Looking for high control Slow and Fast Motor (0.3 - 600 rpm)

I’m looking for a motor connecting to an Arduino or Adafruit Motor Shield
(DC, BLDC with ESC, Servo or Stepper)
that can handle very sensibly controlled low rpm’s (as low as 0.3 rpm)
but at the same time is also able to run as fast as 600+ rpm.

The slow precision is more important than the fast end.
It would also be acceptable if it would only go as high as 300 rpm or something, if need be.
Direction needs to be reversible.
Operating Voltage is preferably in the 5-12V range.

Brushed DC
At the moment I’m using a Powerdrill Brushed DC controlled with a separate PWM-Board with a Poti.
The problem with this setup is, that I have no feedback of the actual speed of the motor and it gets hot when running slow (and also noisy).

Stepper
On the other hand I’m running a stepper on the motor shield for a different task, making it obvious that a stepper in general would be precise enough when slow, but never fast enough for my task in the high range.

Brushless DC + ESC
I Informed myself about RC Brushless motors with some experts, who believed, that even motors as high as 60T or 80T for crawlers would never run slow and controlled enough in the low range.

Continuous rotation Servo
Maybe this could be what I’m looking for, but is the movement ever so precise when running very slow?
I’ve found this one which seems to be capable of around 180 rpm, which is a bit slow.
Are the turns exact and controllable in the super-slow range?

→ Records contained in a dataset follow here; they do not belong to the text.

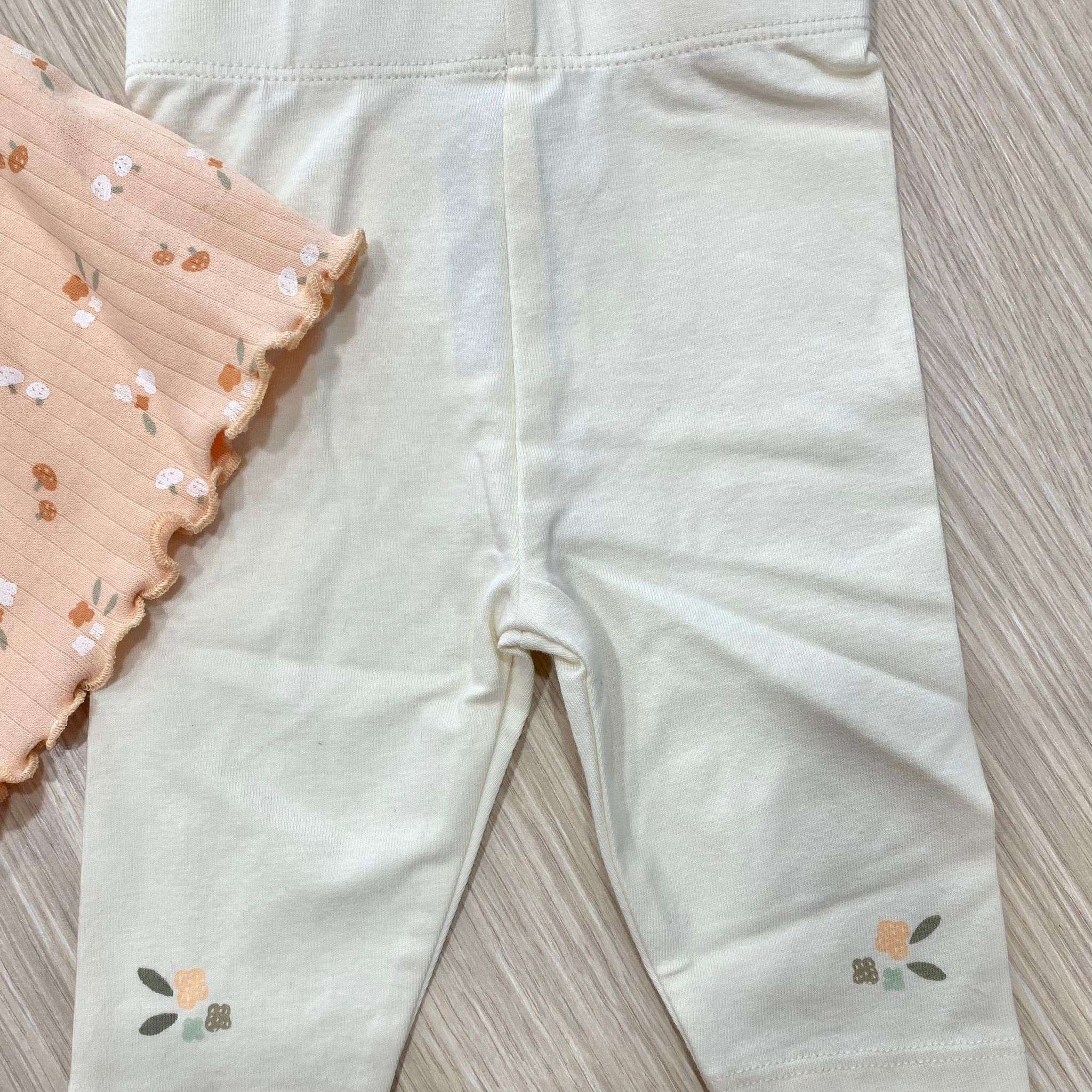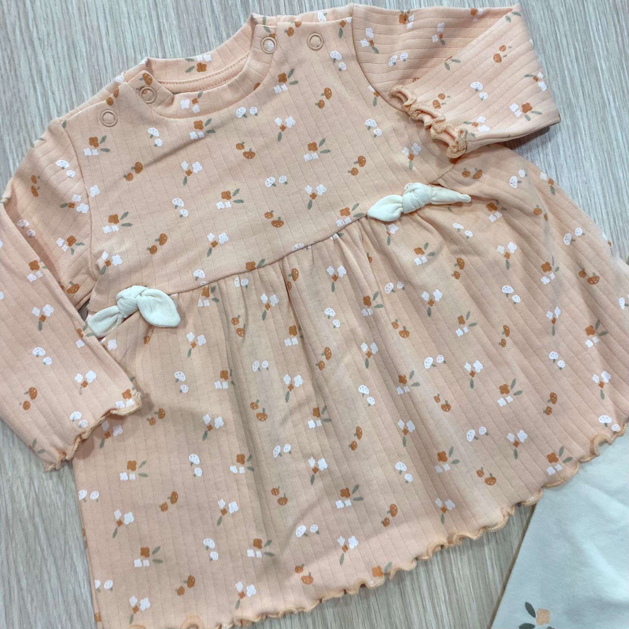 Completino due pezz neonata in caldo cotone, di colore salmone ed ecrù, con disegni di vari colori.
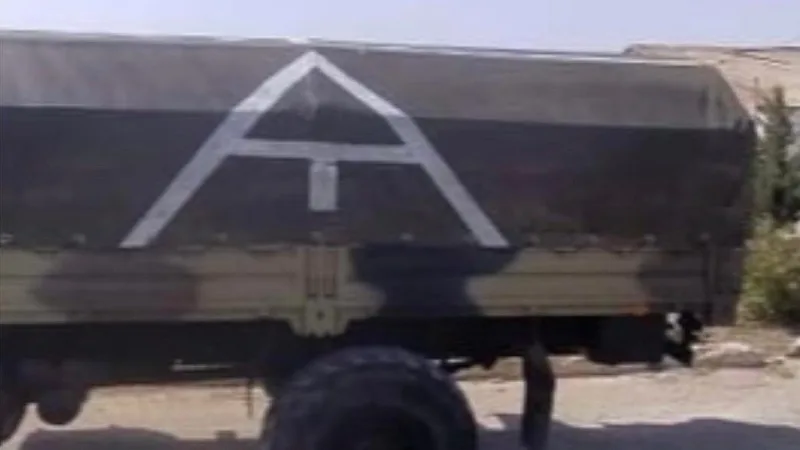Фото: Симболот ∀ на воено возило на азербејџанската армија, кое се движи кон границата со Ерменија
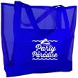 This large, lightweight, dura-mesh tote adds a front pocket for a smooth imprint area and for holding extra accessories. Perfect for the beach, shopping, or travel (security friendly).
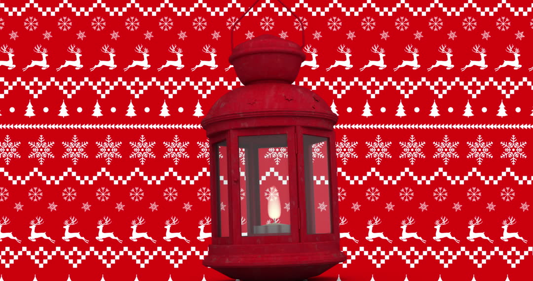 Elegant red lantern illuminated against a festive holiday-patterned background featuring reindeer, snowflakes, and trees. Perfect for websites, holiday greeting cards, promotional materials, or digital media featuring classic Christmas themes.

Which motors should I look at?

Hello hzzm!

I recently had a chat with someone who showed me these DC motors, which look really smart: https://www.gobilda.com/yellow-jacket-planetary-gear-motors/

Also, these: https://www.pololu.com/category/115/25d-metal-gearmotors

You didn’t say how powerful they need to be, but the above are closer to the DC drill motor you’re using.

If you can use something smaller, there’s always the N20 gearmotors that I’m using myself. There are loads of nice motors here on Robotshop.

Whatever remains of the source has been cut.